The Office of Fair Trading and Age UK have joined forces to raise awareness amongst older people of mass-marketed scams and urge them to speak up if they have been targeted by scammers.

Older people are more likely to be targeted by these scammers with over 55s accounting for almost half of people who say they have been approached, according to OFT research.

Age UK is supporting the OFT's Scams Awareness Month as part of its Older People and Crime Initiative which aims to reduce older people's fear of crime. This initiative involves training over 100 Age UK volunteers across England and Wales to advise on issues including scams by visiting older people in local community groups such as at day care centers and coffee mornings.

Helena Herklots, Services Director at Age UK, said:

'Although crime against older people is less likely than other age groups, people in later life can be an attractive target for scammers. Fortunately, a lot of scams can be avoided, provided people have the right information and advice, and know what to look out for.

'Age UK has produced two free information guides 'Avoiding Scams' and 'Staying Safe' which warn people of the most common scams and provide practical steps to ensure older people are able to protect themselves against this type of crime in the home and on the doorstep.'

Michele Shambrook, Operations Manager of Consumer Direct, the OFT managed advice service, commented:

'Scammers are expert at exploiting people's hopes and fears. Anyone can be conned but by learning to recognise the scammer's tricks we can all avoid becoming their next victim.

'We want older people to recognise the warning signs, and feel confident enough to seek advice from friends and family or organizations like ours.'

The OFT and Age UK are giving people the following advice:

* If you are unsure of an offer, speak to family or friends and seek advice from Consumer Direct before sending any money or giving out any banking or credit card details.

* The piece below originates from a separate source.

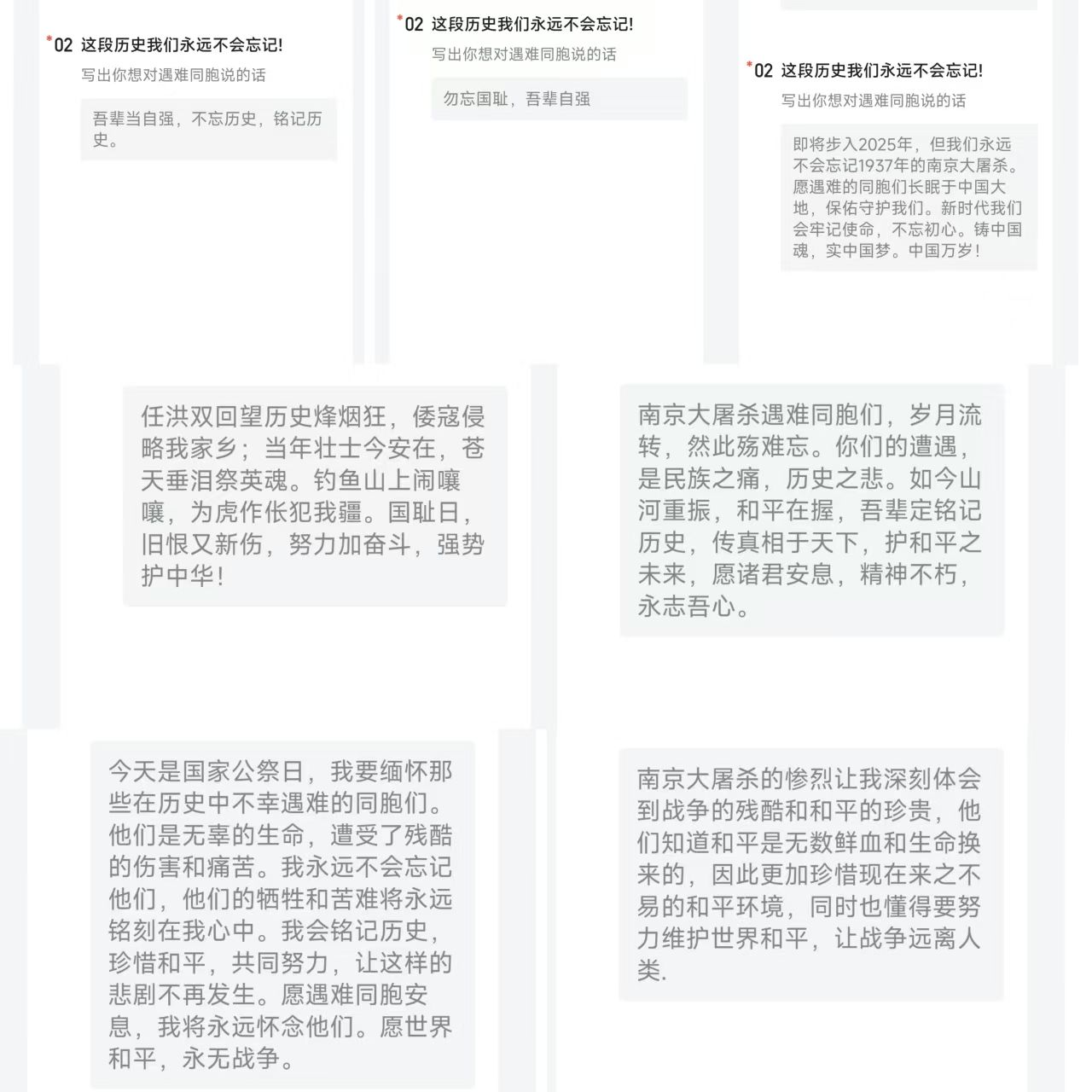 “铭记历史,勿忘国耻,愿逝者安息,愿世界和平。”一位同学在留言区深情地写道。另一位同学则表达了对未来和平与繁荣的坚定信念:“历史是最好的教科书,我们要铭记历史,珍惜和平,为实现中华民族的伟大复兴而努力。”

* Stop, think and be sceptical. If something sounds too good to be true it probably is.

* Do not be rushed into sending off money to someone you do not know, however plausible they might sound and even where an approach is personalised.

* Ask yourself how likely it is that you have been especially chosen for this offer - thousands of other people will probably have received the same offer.

* Think about how much money you could lose from replying to a potential scam - it's not a gamble worth taking.

This year's Scams Awareness Month is seeking to raise awareness of the scale of the problem with a nationwide 'Scamnesty' run in partnership with 86 local authority Trading Standards Services (TSS). The campaign calls on consumers to drop scam mailings they have received into designated 'Scamnesty' bins or boxes at local libraries and public areas across the country.